# DATA UNDER STUDY:
::::::
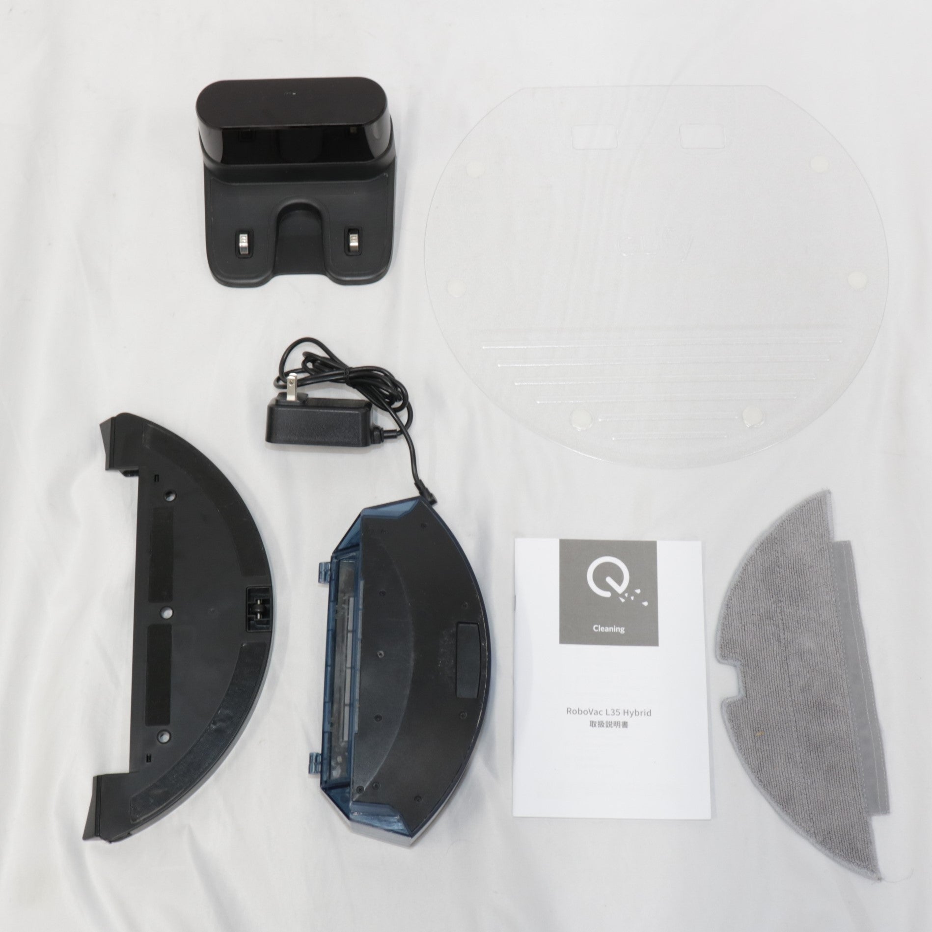 ・ Eufy RoboVac L35 Hybrid ・充電ステーション ・ACアダプタ ・ダスト容器と水タンク(2in1) ・モップモジュール ・モッピングクロス(×1) ・防水パッド ・サイドブラシ(×2 本体装着済) ・ 取扱説明書
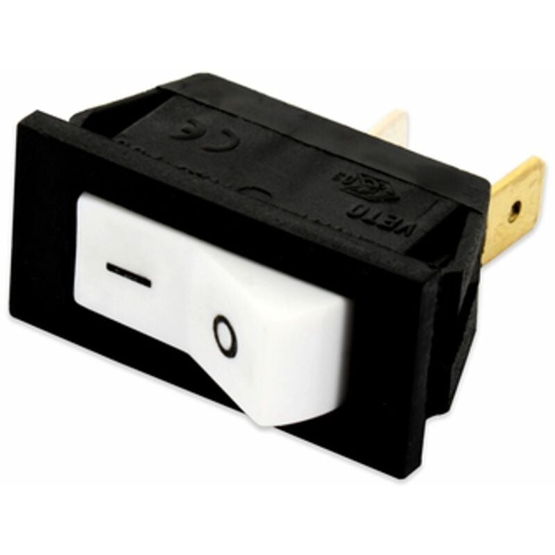 Interruttore unipolare 10A 12X27mm 2 faston con tasto di colore bianco e corpo di colore nero con simbolo 0 I - F001S
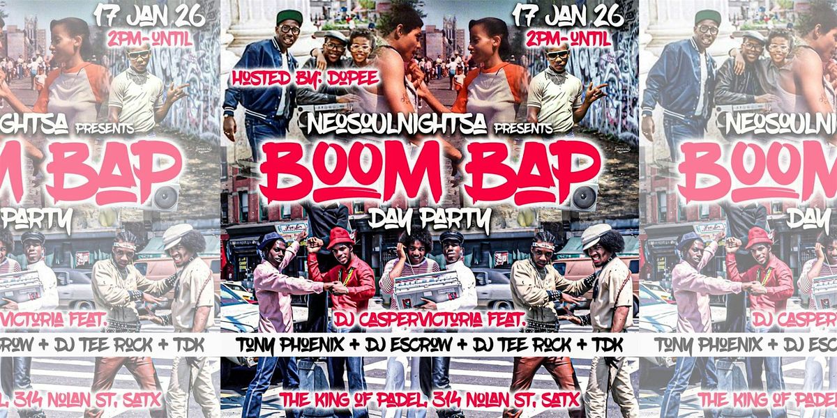 Get ready to groove at the Boom Bap Day Party! 🎉 Join us at 314 Nolan St on January 17, 2026 at 2:00 PM (Central Time) for a day filled with great music, delicious food, and good vibes. Let's make some unforgettable memories together! Don't miss out on this epic event!
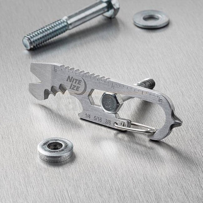 S'appuyant sur l'ingéniosité de l'original, le DoohicKey+ amplifie les outils et fonctionnalités inclus pour offrir une utilité et une polyvalence améliorées. Qu'il s'agisse d'arracher des clous, de serrer des boulons, de couper des boîtes ou d'ouvrir une bière froide après une longue journée, le DoohicKey+ fait tout. Avec un arrache-clou/dégrafeur intégré, un bord dentelé, une pointe de marquage et un tournevis à tête plate à une extrémité, vous pouvez vous attaquer à des réglages mineurs dans la maison. Pendant ce temps, l'autre extrémité contient une tête Phillips, une règle, une clé et un décapsuleur pour mesurer et fixer en déplacement, avec un mousqueton pour rassembler le tout et permettre un transport facile.
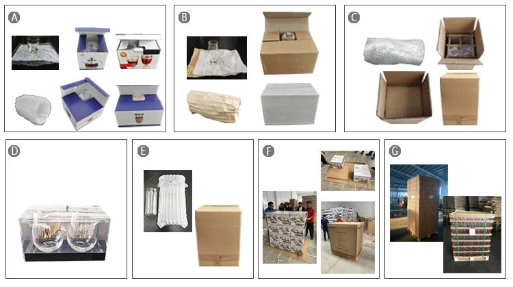 A—white paper + bubble bag +giftbox, can be set of 1, set of 2, set of 4, set of 6 and 8. B—white paper +corrugated paper + brown box or white box
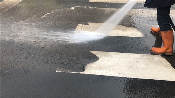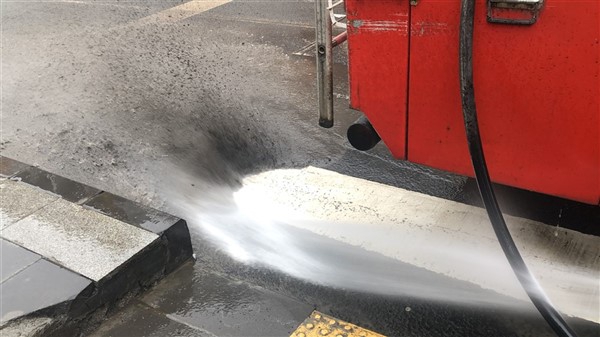Temizlik çalışmalarında en dikkat çeken görüntü ise Faikbey Caddesi’nin kavşak noktalarında biriken ve adeta betona dönen toz kalıpları oldu. Trafik işaretlerinin bile kirden görülmediği caddede itfaiye ekipleri tazyikli suyla sorunu çözdü. Tazyikli suyun verilmesiyle yaklaşık 3 santimetre kalınlığındaki toz ve kir kalıpları kalkınca ortaya da aylardır gizlenmiş trafik çizgileri çıktı.
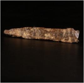 | Description / विवरण | Iron knife or chisel with a thin edge, one end is pointed and other is flat, partly broken, rough surface, rusted. |
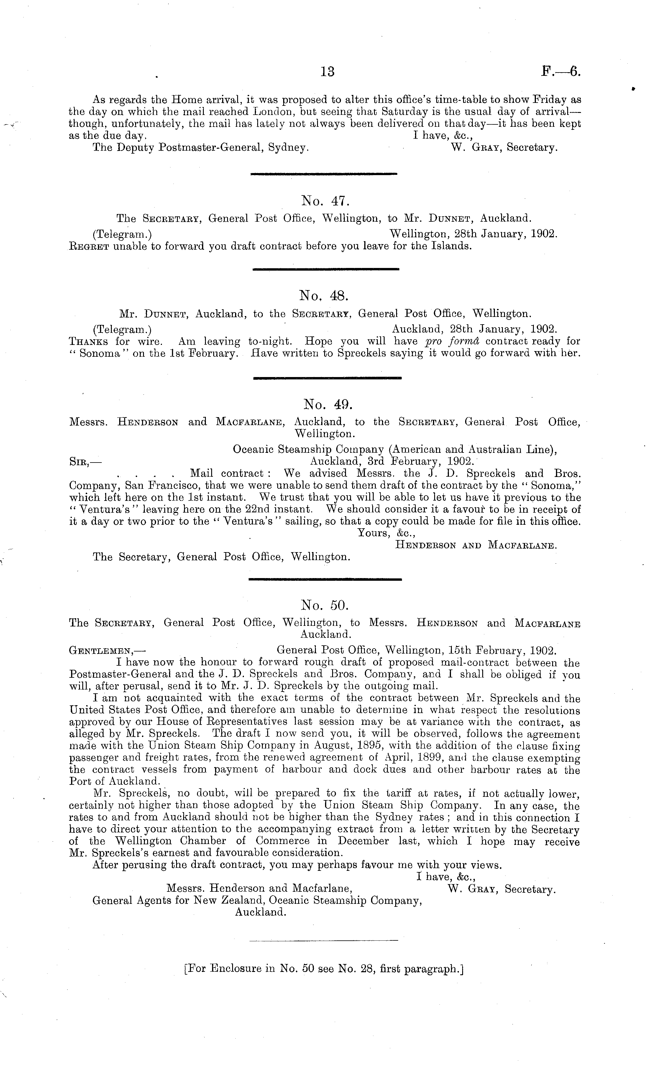 No. 50. The Secrbtaby, General Post Office, Wellington, to Messrs. Henderson and Macfablane Auckland. Gentlemen, — General Post Office, Wellington, 15th February, 1902. I have now the honour to forward rough draft of proposed mail-contract between the Postmaster-General and the J. D. Spreckels and Bros. Company, and I shall be obliged if you will, after perusal, send it to Mr. J. D. Spreckels by the outgoing mail. I am not acquainted with the exact terms of the contract between Mr. Spreckels and the United States Post Office, and therefore am unable to determine in what respect the resolutions approved by our House of Representatives last session may be at variance with the contract, as alleged by Mr. Spreckels. The draft I now send you, it will be observed, follows the agreement made with the Union Steam Ship Company in August, 1895, with the addition of the clause fixing passenger and freight rates, from the renewed agreement of April, 1899, and the clause exempting the contract vessels from payment of harbour and dock dues and other harbour rates at the Port of Auckland. Mr. Spreckels, no doubt, will be prepared to fix the tariff at rates, if not actually lower, certainly not higher than those adopted by the Union Steam Ship Company. In any case, the rates to and from Auckland should not be higher than the Sydney rates ; and in this connection I have to direct your attention to the accompanying extract from a letter written by the Secretary of the Wellington Chamber of Commerce in December last, which I hope may receive Mr. Spreckels's earnest and favourable consideration. After perusing the draft contract, you may perhaps favour me with your views. I have, &c, Messrs. Henderson and Macfarlane, W. Gray, Secretary. General Agents for New Zealand, Oceanic Steamship Company, Auckland.
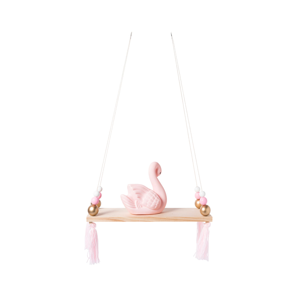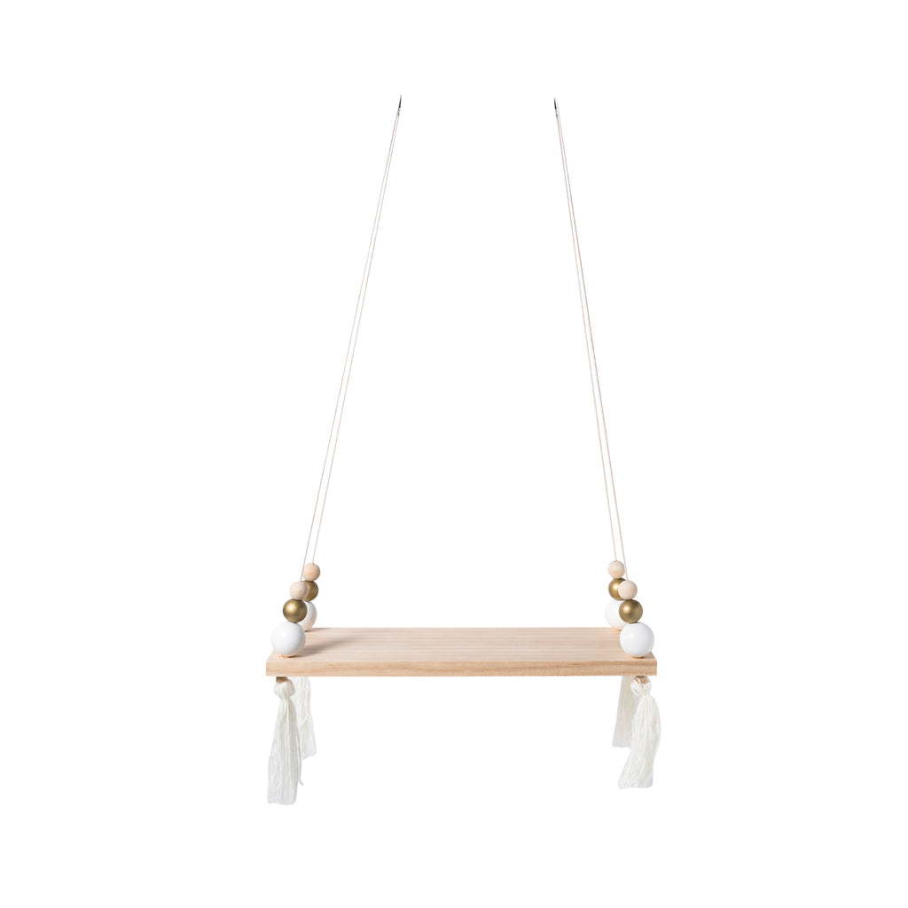 solid wood wall shelf with round beads tassel
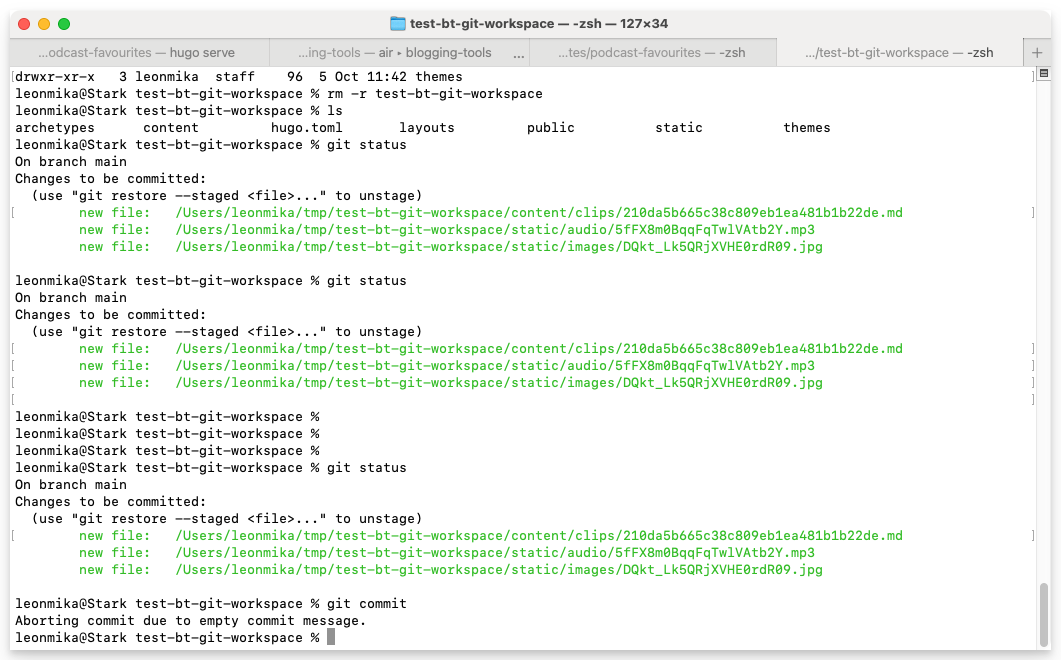 Oh, before that, I finding a cannot create empty commit: clean working tree. I’m opening the work tree between staging the files and committing. Is that the problem?
::::::
# WHAT IS BEING ASKED:
What you return must match the records above exactly, minus any images.

# ANSWER AREA:
 ・ Eufy RoboVac L35 Hybrid ・充電ステーション ・ACアダプタ ・ダスト容器と水タンク(2in1) ・モップモジュール ・モッピングクロス(×1) ・防水パッド ・サイドブラシ(×2 本体装着済) ・ 取扱説明書
 Interruttore unipolare 10A 12X27mm 2 faston con tasto di colore bianco e corpo di colore nero con simbolo 0 I - F001S
 Get ready to groove at the Boom Bap Day Party! 🎉 Join us at 314 Nolan St on January 17, 2026 at 2:00 PM (Central Time) for a day filled with great music, delicious food, and good vibes. Let's make some unforgettable memories together! Don't miss out on this epic event!
 S'appuyant sur l'ingéniosité de l'original, le DoohicKey+ amplifie les outils et fonctionnalités inclus pour offrir une utilité et une polyvalence améliorées. Qu'il s'agisse d'arracher des clous, de serrer des boulons, de couper des boîtes ou d'ouvrir une bière froide après une longue journée, le DoohicKey+ fait tout. Avec un arrache-clou/dégrafeur intégré, un bord dentelé, une pointe de marquage et un tournevis à tête plate à une extrémité, vous pouvez vous attaquer à des réglages mineurs dans la maison. Pendant ce temps, l'autre extrémité contient une tête Phillips, une règle, une clé et un décapsuleur pour mesurer et fixer en déplacement, avec un mousqueton pour rassembler le tout et permettre un transport facile.
 A—white paper + bubble bag +giftbox, can be set of 1, set of 2, set of 4, set of 6 and 8. B—white paper +corrugated paper + brown box or white box
Temizlik çalışmalarında en dikkat çeken görüntü ise Faikbey Caddesi’nin kavşak noktalarında biriken ve adeta betona dönen toz kalıpları oldu. Trafik işaretlerinin bile kirden görülmediği caddede itfaiye ekipleri tazyikli suyla sorunu çözdü. Tazyikli suyun verilmesiyle yaklaşık 3 santimetre kalınlığındaki toz ve kir kalıpları kalkınca ortaya da aylardır gizlenmiş trafik çizgileri çıktı.
 | Description / विवरण | Iron knife or chisel with a thin edge, one end is pointed and other is flat, partly broken, rough surface, rusted. |
 No. 50. The Secrbtaby, General Post Office, Wellington, to Messrs. Henderson and Macfablane Auckland. Gentlemen, — General Post Office, Wellington, 15th February, 1902. I have now the honour to forward rough draft of proposed mail-contract between the Postmaster-General and the J. D. Spreckels and Bros. Company, and I shall be obliged if you will, after perusal, send it to Mr. J. D. Spreckels by the outgoing mail. I am not acquainted with the exact terms of the contract between Mr. Spreckels and the United States Post Office, and therefore am unable to determine in what respect the resolutions approved by our House of Representatives last session may be at variance with the contract, as alleged by Mr. Spreckels. The draft I now send you, it will be observed, follows the agreement made with the Union Steam Ship Company in August, 1895, with the addition of the clause fixing passenger and freight rates, from the renewed agreement of April, 1899, and the clause exempting the contract vessels from payment of harbour and dock dues and other harbour rates at the Port of Auckland. Mr. Spreckels, no doubt, will be prepared to fix the tariff at rates, if not actually lower, certainly not higher than those adopted by the Union Steam Ship Company. In any case, the rates to and from Auckland should not be higher than the Sydney rates ; and in this connection I have to direct your attention to the accompanying extract from a letter written by the Secretary of the Wellington Chamber of Commerce in December last, which I hope may receive Mr. Spreckels's earnest and favourable consideration. After perusing the draft contract, you may perhaps favour me with your views. I have, &c, Messrs. Henderson and Macfarlane, W. Gray, Secretary. General Agents for New Zealand, Oceanic Steamship Company, Auckland.
 solid wood wall shelf with round beads tassel
 Oh, before that, I finding a cannot create empty commit: clean working tree. I’m opening the work tree between staging the files and committing. Is that the problem?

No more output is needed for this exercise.